Could we write tests for both conditions in this p.r.?

@Leont Leont force-pushed the parsexs-length-t_pv branch from bdf5a3f to e214089 Compare July 27, 2025 20:23
@Leont
Copy link
Contributor Author

Leont commented Jul 27, 2025

It needs test(s) for the new error message. Other than that, I approve.

Added that

@iabyn
Copy link
Contributor

iabyn commented Jul 28, 2025 via email

@Leont Leont force-pushed the parsexs-length-t_pv branch from e214089 to e1d0d2e Compare August 2, 2025 15:10
Previously, the length operator on typemaps other than T_PV would lead
to that length value not being initialized, leading to segfaults and
worse. Worse yet, parsexs would silently emit this erroneous code.

For now it will at least give a clear error, in the future we should
perhaps consider eliminating this limitation altogether.
@Leont Leont force-pushed the parsexs-length-t_pv branch from e1d0d2e to cd1bf15 Compare August 3, 2025 17:40
@Leont Leont merged commit a129015 into blead Aug 4, 2025
67 checks passed
@Leont
Copy link
Contributor Author

Leont commented Sep 10, 2025

Apparently this broke HarfBuzz-Shaper.

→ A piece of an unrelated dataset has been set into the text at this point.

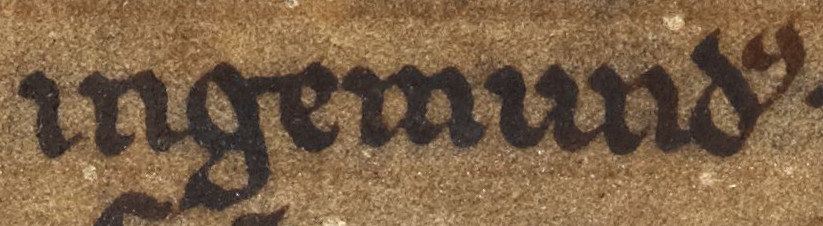 An excerpt from folio 34r of Cotton MS Julius A VII (the Chronicle of Mann). The excerpt reads in Latin "Ingemundus". The excerpt concerns Ingimundr (died 1097).

It has its own typemap working around the uninitialized issue.

I guess this is another argument in favor of utf8/byte markers on string arguments.

@jkeenan
Copy link
Contributor

jkeenan commented Sep 10, 2025

Apparently this broke HarfBuzz-Shaper. It has its own typemap working around the uninitialized issue.

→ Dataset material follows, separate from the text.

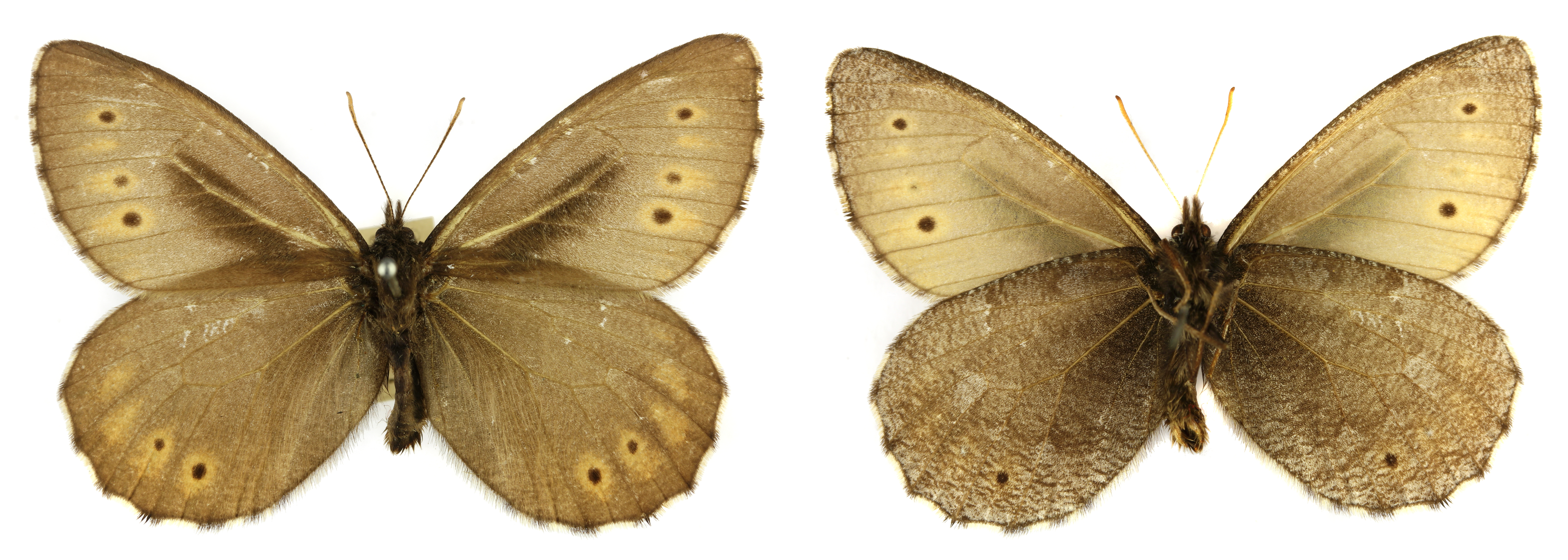 Oeneis jutta insect collections SLU, Uppsala

I guess this is another argument in favor of utf8/byte markers on string arguments.

@Leont could you please open a new BBC ticket so that we can track this? Thanks.

@iabyn
Copy link
Contributor

iabyn commented Sep 11, 2025 via email

@Leont
Copy link
Contributor Author

Leont commented Sep 11, 2025

Regardless of whether it should have become an error, I think the code was wrong: the 'default' test should die any time length(s) is used, not just when its T_PV.

I'm not following you there.

Perhaps we should refine the code to;

if (has_length) {
  unless ($typemap =~ /STRLEN_length_of_\$var/) {
    die unless $xstype eq 'T_PV';
    $typemap = '($type)SvPV($arg, STRLEN_length_of_$var);'
  }
  die if $default;
}

Which boils down to to: either supply the code which initialises STRLEN_length_of_s, or we'll supply it for you - but we only know how to do that with T_PV.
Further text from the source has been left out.